The economic and clinical burden of ventilator-associated pneumonia (VAP) is uncontested. In many hospitals, VAP surveillance is conducted to identify outbreaks and to monitor infection rates. Here, we discuss the concept of benchmarking in health care as modeled on industry, and we contribute personal arguments against considering the VAP rate as a potential candidate for benchmarking or for monitoring the quality of patient care. Accurate benchmarking of VAP rates currently seems to be unfeasible, because the patient case mix is often too diverse and complicated to be adjusted for, and diagnostic criteria and surveillance protocols vary. Thus, the risk of drawing inaccurate comparisons is high. In contrast, some risk factors for VAP are modifiable and can be monitored and used as quality indicators. Process-oriented surveillance permits bypass of case-mix and diagnostic constraints. A well-defined interhospital surveillance system is necessary to prove that interventions on procedures do really lead to a reduction of VAP rates.
Nosocomial infections are common complications of a hospital stay [1]. Of these, ventilator-associated pneumonia (VAP) represents 5%– 18% of all infections [2, 3]. In a study involving 198 intensive care units (ICUs), the lung was the most common site of infection (68%) among patients with sepsis [4]. Overall, reported mortality rates for VAP have a range of 24%– 50% and can reach 76% in specific settings [5]. Although there are pub-lications reporting no attributable mortality to VAP [5, 6], most authors believe that it contributes to 7%– 30% of additional mortality [7– 9]. An additional 4– 32 ventilator-days are ascribed to VAP [9, 10], and estimated attributable costs for 1 episode of VAP are reported to be as high as US $10,000 [11], US $16,000 [9], or even more [12].
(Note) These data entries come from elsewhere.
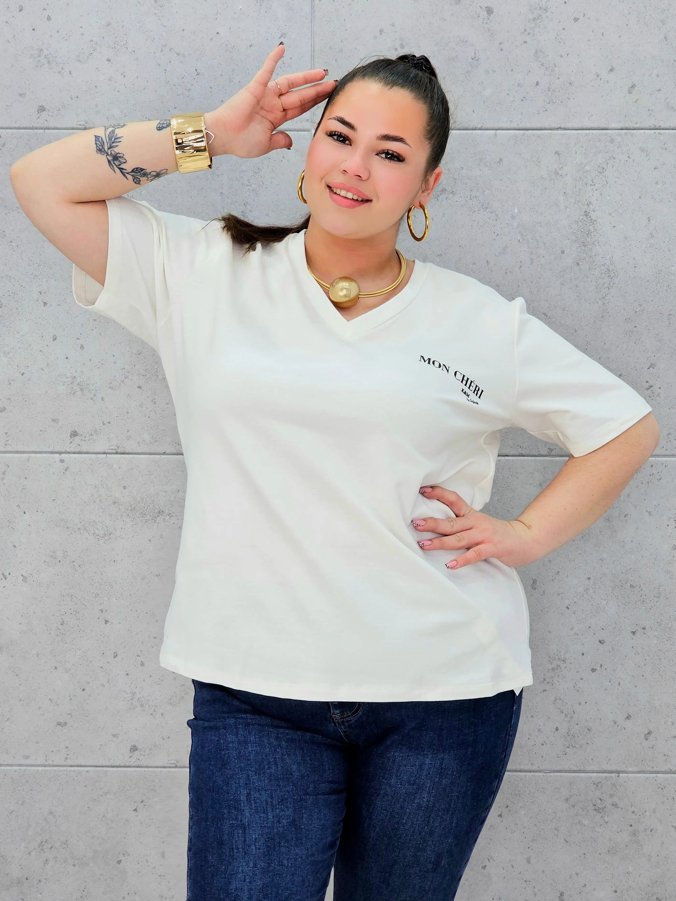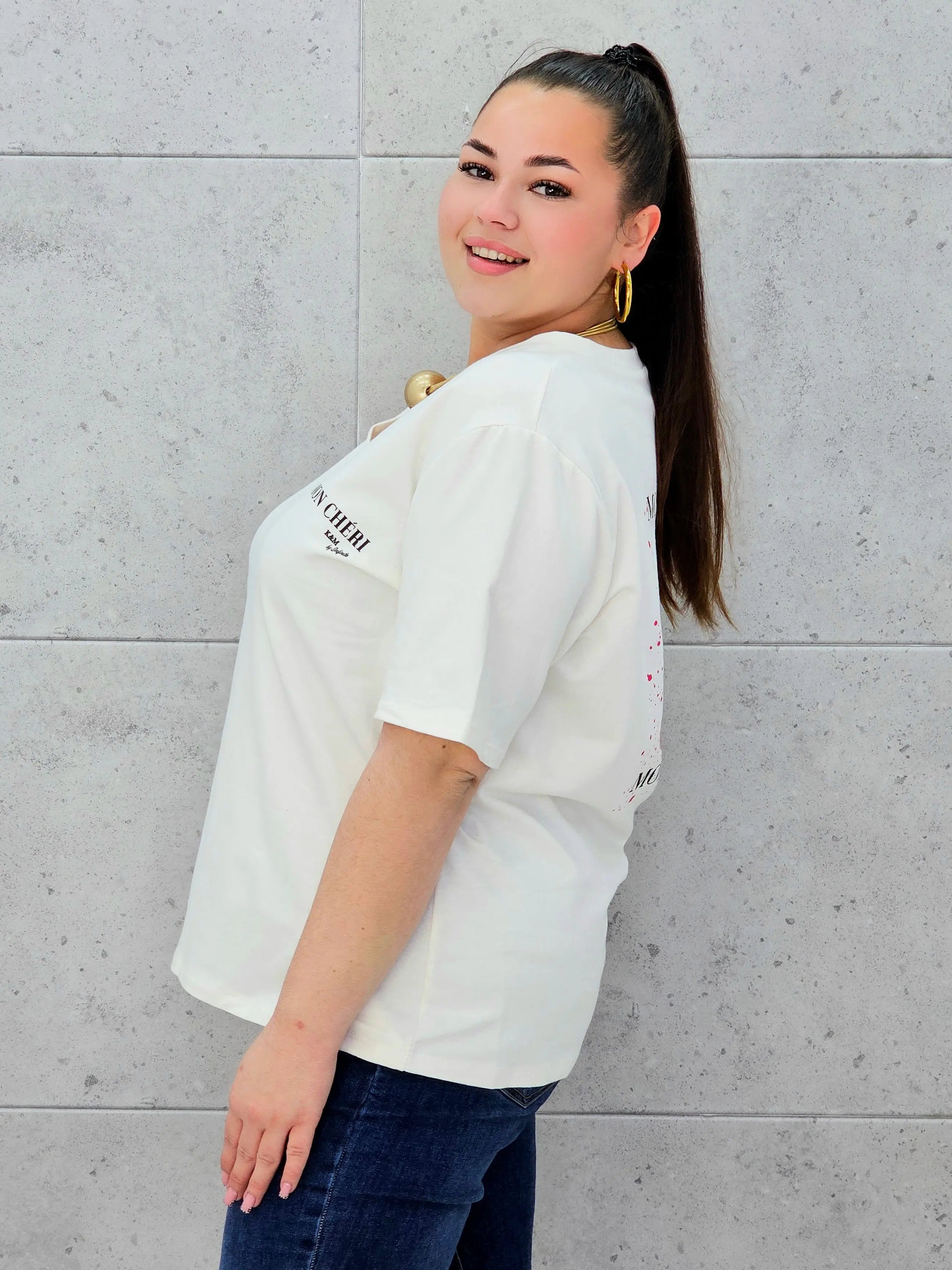 T-shirt plus size z nadrukami COLORFUL LIPS i MON CHÉRI to połączenie kobiecości, wygody i modowego charakteru, idealne dla kobiet noszących rozmiar XXL. Obydwa modele wykonano z miękkiej, przyjemnej w dotyku bawełnianej tkaniny, która układa się na sylwetce swobodnie, zapewniając komfort noszenia przez cały dzień.
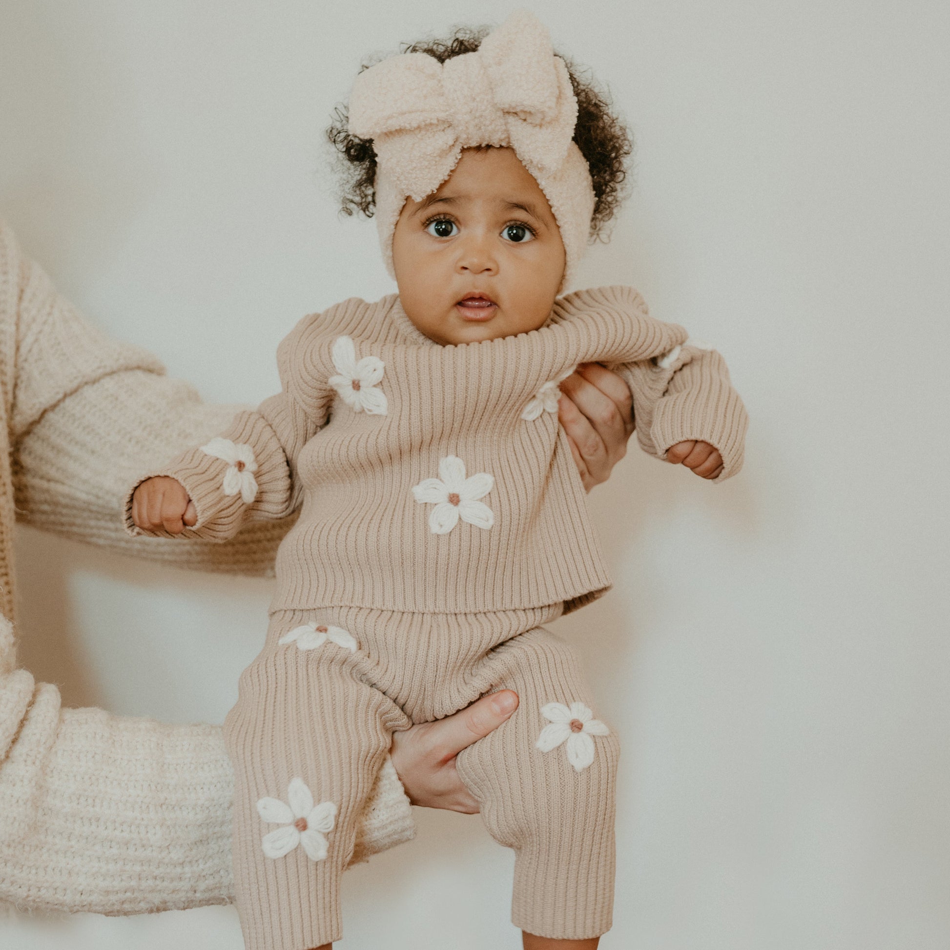 Il nostro completino chocolate è un delizioso set composto da maglia e pantalone realizzato in morbidissima maglia spessa di cotone. Perfetto per l'inverno e le mezze stagioni.
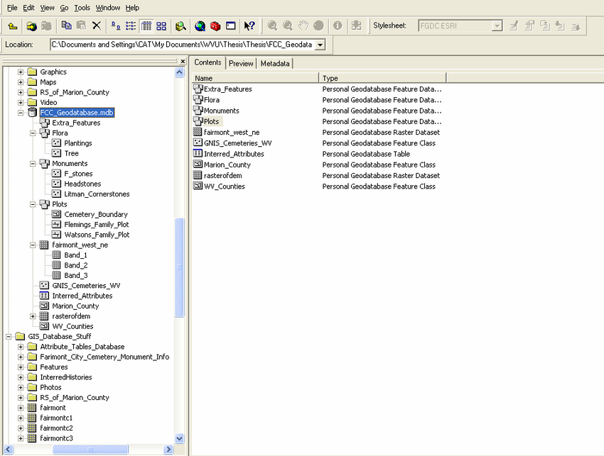 A geodatabase is a collection of geographic data held within a database. Geodatabases were developed by ESRI to overcome some of the limitations of shapefiles. They come in two main types: Personal (up to 1 TB) and File (limited to 250 - 500 MB), with Personal Geodatabases storing everything in a Microsoft Access database (.mdb) file and File Geodatabases offering more flexibility, storing everything as a series of folders in a file system. In the example below we can see that the FCC_Geodatabase (left hand pane) holds multiple points, lines, polygons, tables and raster layers in the contents tab.
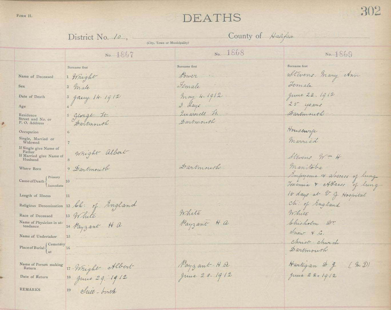 Death Registration: Year: 1912 book: 9 page: 302 number: 1809
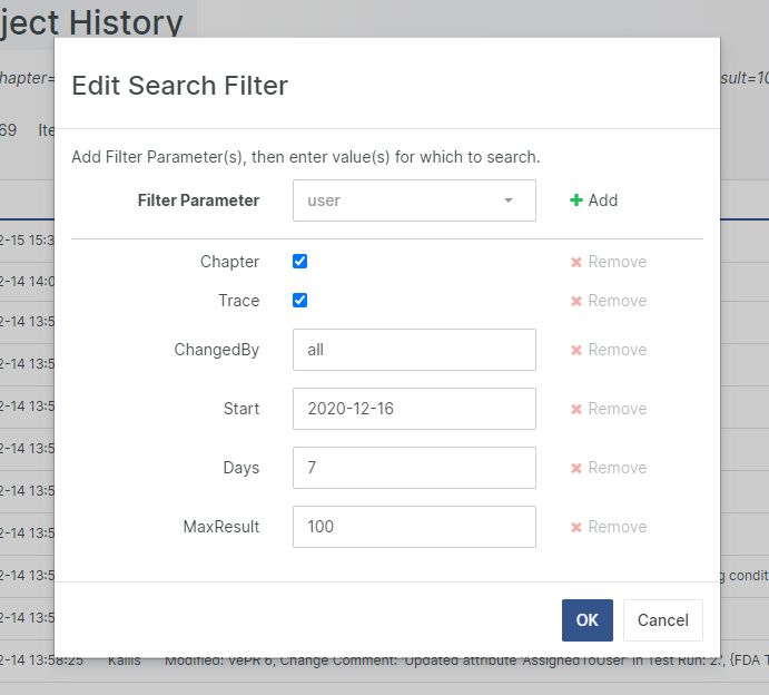 Filter options can be used to refine the output of the Project History. Click on the Filter caption to open the Filter Dialog.
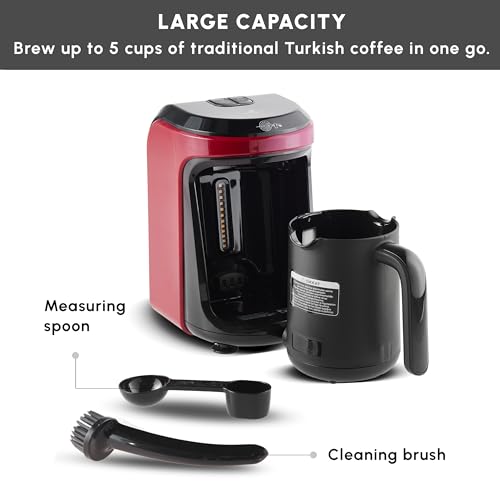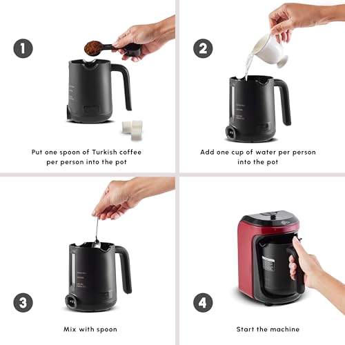 KARACA Hatir Hüps Turkish Coffee Maker For 5 People, Red, Fully Automatic Coffee Machine, Turkish Mocha with Milk, Hot Chocolate, Instant Coffee with Milk
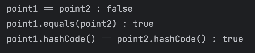 System.out.println("point1.hashCode() == point2.hashCode() : " + (point1.hashCode() == point2.hashCode()));
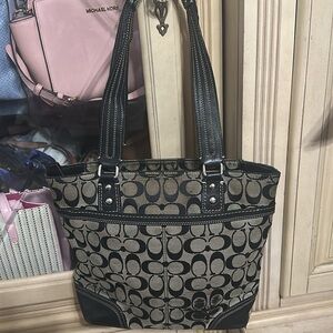 Coach Vintage Hampton F13973 Handbag Signature Jacquard & Leather
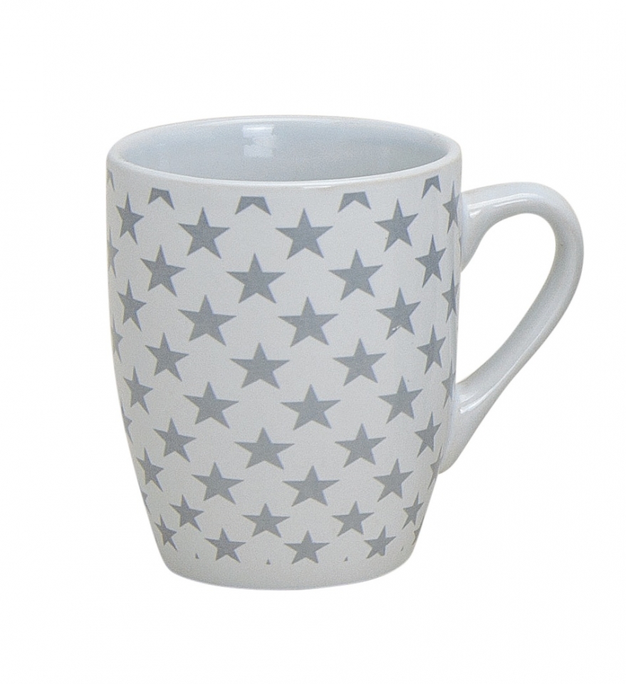 Keramický hrníček s šedýma hvězdičkama na bílém podkladu.
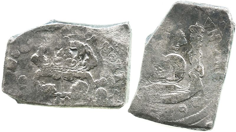 Guatemala, cob 8 reales, (17)39(J). S-G1; KM-6; CT-597. 26.8 grams. Solid, sharply rectangular flan with somewhat weak but virtually uncorroded details, darkly toned all over. Recovered from: Reijgersdaal, sunk in 1747 off South Africa
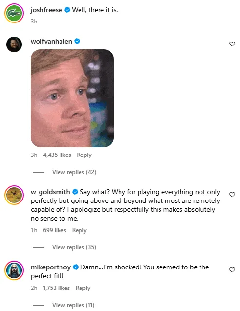 Wolf Van Halen is the top comment, where he simply dropped the classic GIF of reporter Drew Scanlon raising his eyebrows in a ‘what’d you just say?’ kinda way.
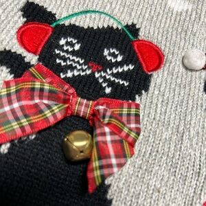 Karen Scott Christmas or Holiday Sweater Cats and Polka Dots, Jingle bell detail
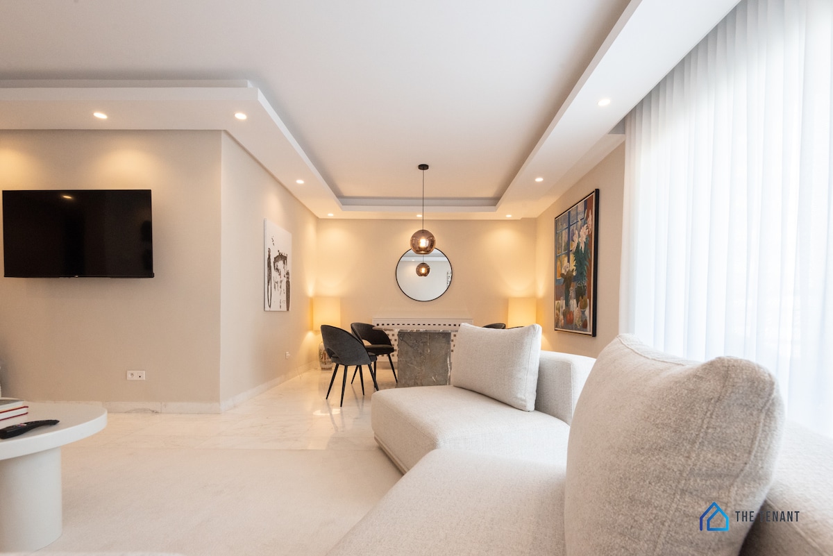 Experimenta el lujo en este elegante apartamento de un dormitorio en Lac 2, Túnez. Ubicado en un edificio tranquilo y seguro con conserje 24/7, este elegante espacio cuenta con decoración hecha a mano, suelos de mármol, un balcón soleado, TV inteligente, Wi-Fi de alta velocidad de 100 Mbps, una cocina abierta totalmente equipada y un gran sofá que se convierte en una cama. Incluye escritorio, lavadora, aire acondicionado, calefacción central y estacionamiento privado. Ideal para negocios, parejas o estancias prolongadas.

At least 30% of all nosocomial infections are believed to be preventable [13]. Lowering the incidence of VAP would be an important quality improvement for patient safety. In a society where consumers consult restaurant ratings before making dinner reservations, the drive for “hospital ratings” is already palpable, and hospital leaders are more interested than ever in improving quality of care and in lowering costs [14]. In the United States, the Joint Commission [15] ratings propose specific patient safety targets before awarding accreditation, and this culture is already traveling overseas, with the establishment of the Joint Commission International Hospital Accreditation Process.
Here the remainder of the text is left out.